Following patch (to the fedora trickle package, includes the patch to trickle 1.07, tested on Fedora 16) fixes the problem:


commit 4bd0d811fadd7789295dbf5a4304f5159637584e
Author: Alon Levy <alevy>
Date:   Thu Sep 15 18:08:55 2011 +0300

    1.07-12 fix endless loop (local patch)

diff --git a/trickle-1.07-bwsta_getdelay-stop-if-no-packets.patch b/trickle-1.07-bwsta_getdelay-stop-if-no-packets.patch
new file mode 100644
index 0000000..6760350
--- /dev/null
+++ b/trickle-1.07-bwsta_getdelay-stop-if-no-packets.patch
@@ -0,0 +1,25 @@
+From 3b22c327ff6ac3ee51332919e91ae63d47225a9b Mon Sep 17 00:00:00 2001
+From: Alon Levy <alevy>
+Date: Thu, 15 Sep 2011 18:05:13 +0300
+Subject: [PATCH] bwsta_getdelay: stop if no packets
+
+---
+ bwstat.c |    2 +-
+ 1 files changed, 1 insertions(+), 1 deletions(-)
+
+diff --git a/bwstat.c b/bwstat.c
+index a1c1085..9567275 100644
+--- a/bwstat.c
++++ b/bwstat.c
+@@ -210,7 +210,7 @@ bwstat_getdelay(struct bwstat *bs, size_t *len, uint lim, short which)
+ 
+ 			ent += xent;
+ 		}
+-	} while (pool > 0 && ncli > 0);
++	} while (pool > 0 && ncli > 0 && (TAILQ_FIRST(&poolq) != TAILQ_END(&poolq)));
+ 
+ 	/*
+ 	 * This is the case of a client that is not using its limit.
+-- 
+1.7.6.2
+
diff --git a/trickle.spec b/trickle.spec
index 1e883aa..530b9f1 100644
--- a/trickle.spec
+++ b/trickle.spec
@@ -1,6 +1,6 @@
 Name:           trickle
 Version:        1.07 
-Release:        11%{?dist}
+Release:        12%{?dist}
 Summary:        Portable lightweight userspace bandwidth shaper
 
 Group:          Applications/System
@@ -15,6 +15,7 @@ BuildRequires:  libevent-devel
 Patch0:         %{name}-%{version}-include_netdb.patch
 Patch1:         %{name}-%{version}-libdir.patch
 Patch2:         %{name}-%{version}-CVE-2009-0415.patch
+Patch3:         %{name}-%{version}-bwsta_getdelay-stop-if-no-packets.patch
 
 %description
 trickle is a portable lightweight userspace bandwidth shaper.
@@ -33,6 +34,7 @@ trickle runs entirely in userspace and does not require root privileges.
 %patch0 -p1 -b .include_netdb
 %patch1 -p1 -b .libdir
 %patch2 -p1 -b .cve
+%patch3 -p1
 touch -r configure aclocal.m4 Makefile.in stamp-h.in
 
 iconv -f ISO88591 -t UTF8 < README > README.UTF8
@@ -71,6 +73,8 @@ rm -rf $RPM_BUILD_ROOT
 
 
 %changelog
+* Thu Sep 15 2011 Alon Levy <alevy> 1.07-12
+- Fix endless loop in bwstat_delay (seen with spicec)
 * Sun Feb 13 2011 Nicoleau Fabien <nicoleau.fabien> 1.07-11
 - Revert to the working patch
 * Wed Feb 09 2011 Fedora Release Engineering <rel-eng.org> - 1.07-10

Comment 1 Nicoleau Fabien 2011-09-18 21:02:34 UTC
Hello,
thank you for the report, and the patch.

But I don't really understand how to apply this.

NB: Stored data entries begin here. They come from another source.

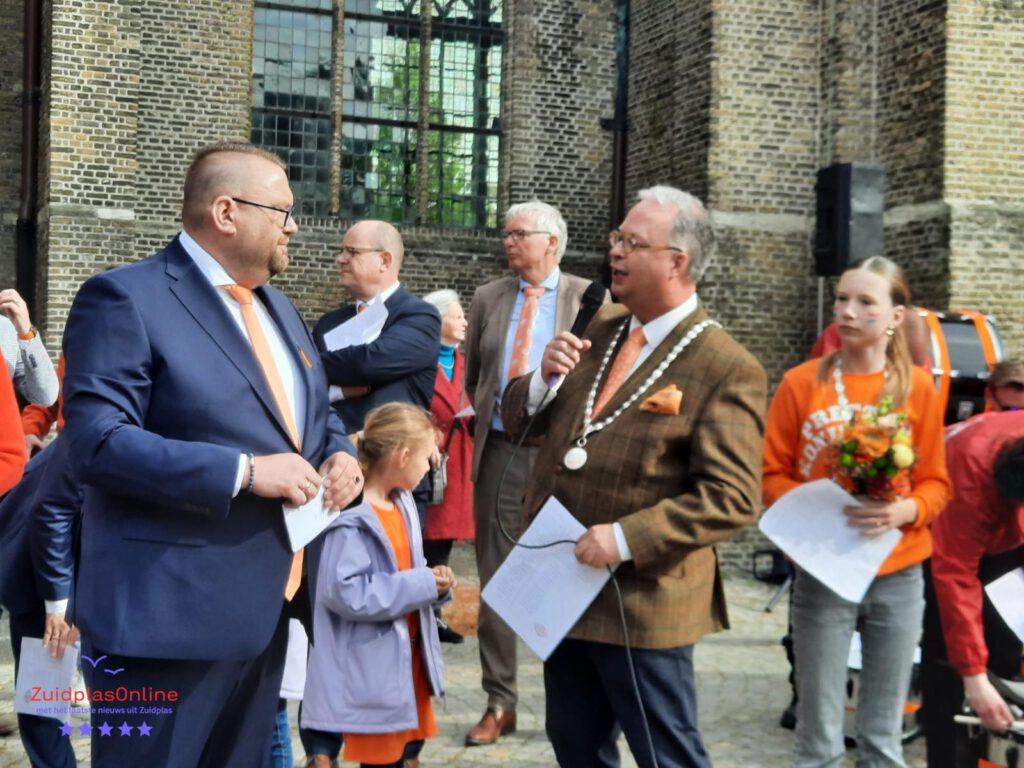 De aubade, m.m.v. Harmonie Kunst na de Arbeid; het harmonieorkest en de slagwerkgroep, vond plaats op het Kerkplein. Burgemeester Han Weber, wethouders Daan de Haas, Frans Klovert, Jan Willem Schuurman en kinderburgemeester Maartje Weijers waren hierbij ook aanwezig. De burgemeester wenste iedereen een mooie koningsdag toe. Na het zingen van het Wilhemus, In een blauw geruite kiel, Leve de Koning en de Zilvervloot was het lied Ben je betoeterd aan de beurt. Uit volle borst werd dit meegezongen door alle aanwezigen. Waar komt dit lied nu toch vandaan? Adri Harteveld weet te vertellen dat het zo’n 60 jaar geleden voor het eerst werd gezongen:” Men vond dat er iets gezongen moest worden wat vrolijker was dan het lied van Zuid-Holland, op de basisschool leerden de kinderen het lied over de Walvis, en toen werd het gezongen bij de aubade.” Marc Boer, voorzitter van de Oranjevereniging, heette iedereen, namens het bestuur en alle vrijwilligers welkom. Zij hebben heel wat uurtjes in de organisatie gestoken en uiteraard op de dag zelf zijn ze ook continu in de weer. Tot slot werd er spontaan nog een couplet gezongen van Ben je betoeterd. Daarna ging het gezelschap uiteen, richting de Dorpskerk, de Kerklaan of de Smidse.
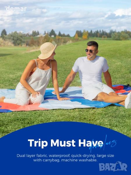 Одеяло за пикник Diveblues, двуслойно водоустойчиво одеяло за пътуване, 175x175CM
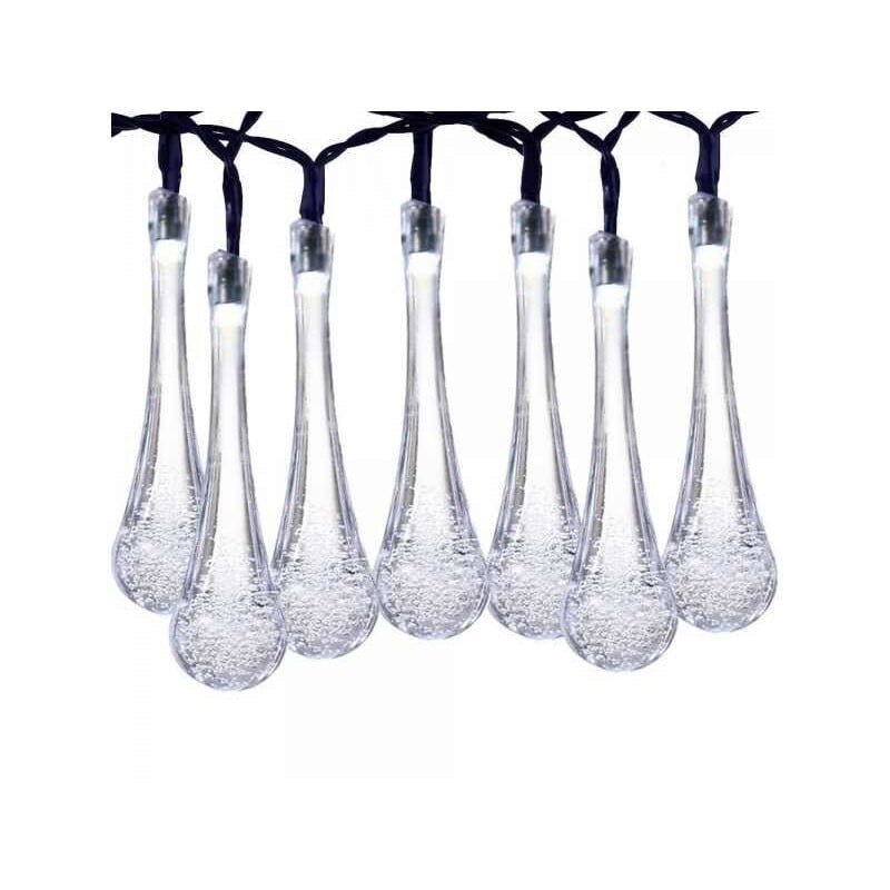 Nume: Decoratiune xu incarcare solara, tip picaturi, 6 metri, 28 de leduri, alb rece
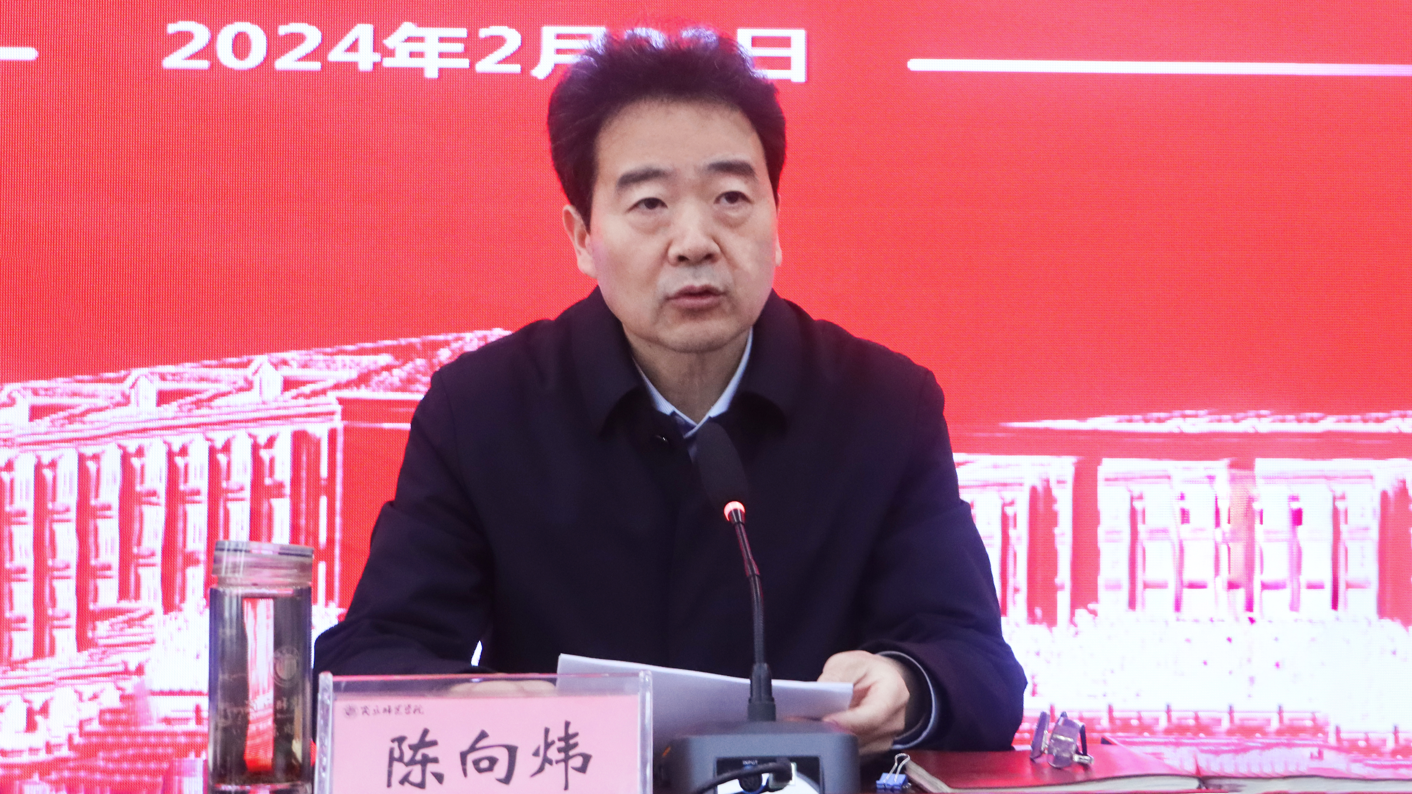 陈向炜从统筹推进重大建设任务、持续深化教育教学综合改革、重点实施科教融汇协同发展工程、深入实施高水平教师队伍建设工程、持续打造学生工作服务品牌、深入推进开放活校战略、持续提升综合保障服务水平、以党建引领高质量发展等八个方面对2024年学校工作进行了部署。陈向炜要求各级领导干部发扬勇往直前、顽强拼搏的拼劲,龙腾虎跃、鱼跃龙门的闯劲,动真、来实、碰硬的狠劲,连续抓、经常抓、深入抓的韧劲,以校为家、勇于担当,高质量完成新一年工作目标。
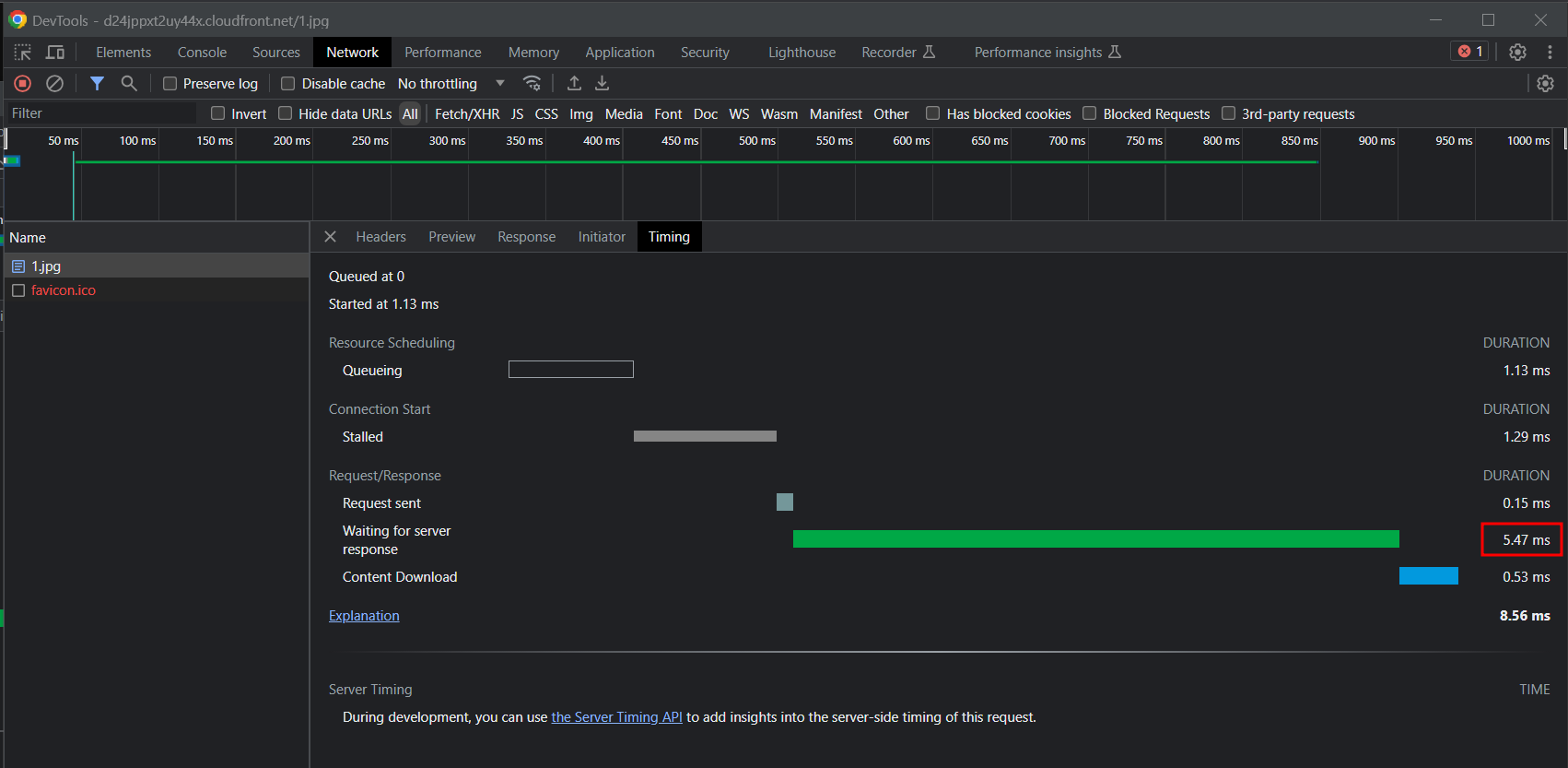 cloudfront 배포 URL로 액세스하는 경우, 평균 10ms 이하로 로딩이 됨을 볼 수 있었다.
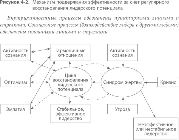 Восстановление лидерского потенциала – это процесс, в ходе которого залечиваются психологические раны, полученные под воздействием постоянных стрессов. Он, как показано на рис. 4–2, носит двунаправленный характер: с одной стороны, активное сознание, оптимизм и эмпатия помогают человеку восстановиться, с другой – возникающее при этом чувство душевного обновления, в свою очередь, стимулирует развитие этих трех качеств{60}. Итак, чтобы противостоять синдрому жертвы, нужно: сохранять оптимизм даже в самых трудных обстоятельствах; искренне заботиться о подчиненных и уметь сопереживать им; внимательно анализировать свое физическое и эмоциональное состояние, а также тонко улавливать чувства других людей.
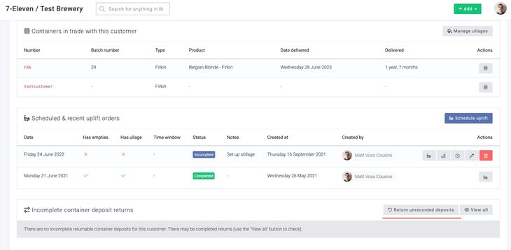 You can add credits for deposits taken from outside/before Breww by going to the customer's page, then onto the Containers & uplift orders tab and clicking Return unrecorded deposits.
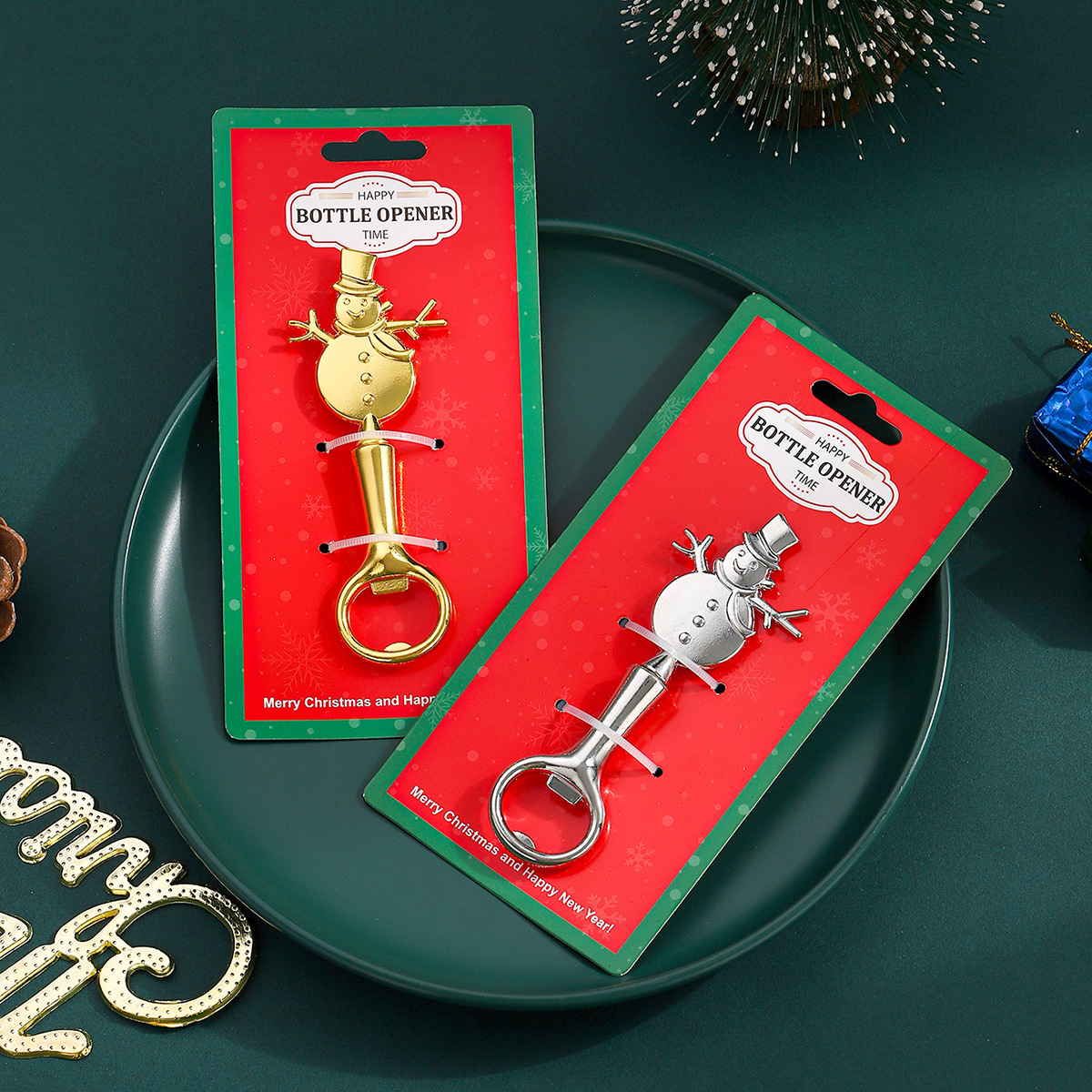 跨境圣诞雪人开瓶器欧美圣诞节日派对小礼品锌合金啤酒起盖器批发
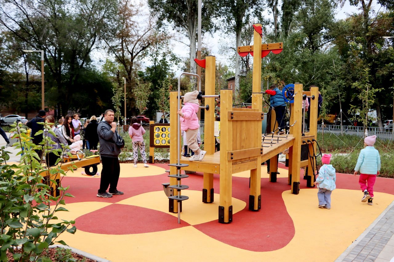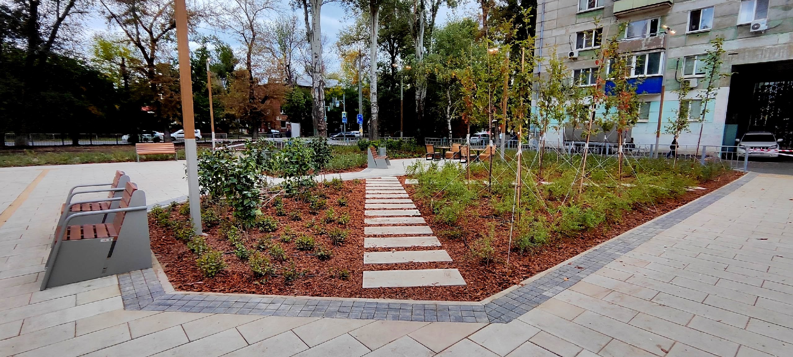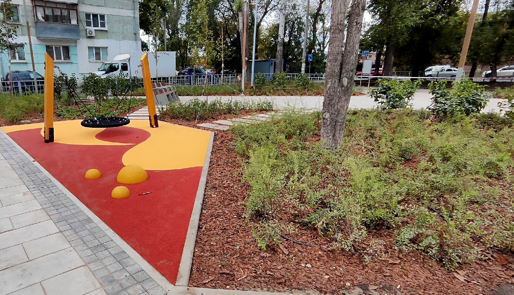 Участие жителей, конечно же, принесло свои плоды. Сейчас сквер невероятно преобразился и радует как юное поколение, так и пожилых людей. На территории обустроили спортивную и две детских площадки, установили малые архитектурные формы и уличную мебель, высадили более 1500 растений. Главным украшением пространства стал «сухой» световой фонтан.

I tried to copy in a file, then applied it. But when I build, the patch doesn't work.

Can you simply provide the bwsta_getdelay-stop-if-no-packets.patch ?

Comment 2 Alon Levy 2011-09-19 08:05:06 UTC
Created attachment 523795 [details]
bwstat_getdelay exit while loop if no packets

Comment 3 Fedora Update System 2011-09-19 19:37:08 UTC
trickle-1.07-12.fc16 has been submitted as an update for Fedora 16.
https://admin.fedoraproject.org/updates/trickle-1.07-12.fc16

Comment 4 Fedora Update System 2011-09-20 19:03:50 UTC
Package trickle-1.07-12.fc16:
* should fix your issue,
* was pushed to the Fedora 16 testing repository,
* should be available at your local mirror within two days.
Update it with:
# su -c 'yum update --enablerepo=updates-testing trickle-1.07-12.fc16'
as soon as you are able to.
Please go to the following url:
https://admin.fedoraproject.org/updates/trickle-1.07-12.fc16
then log in and leave karma (feedback).

Comment 5 Fedora Update System 2011-10-09 19:51:38 UTC
trickle-1.07-12.fc16 has been pushed to the Fedora 16 stable repository.  If problems still persist, please make note of it in this bug report.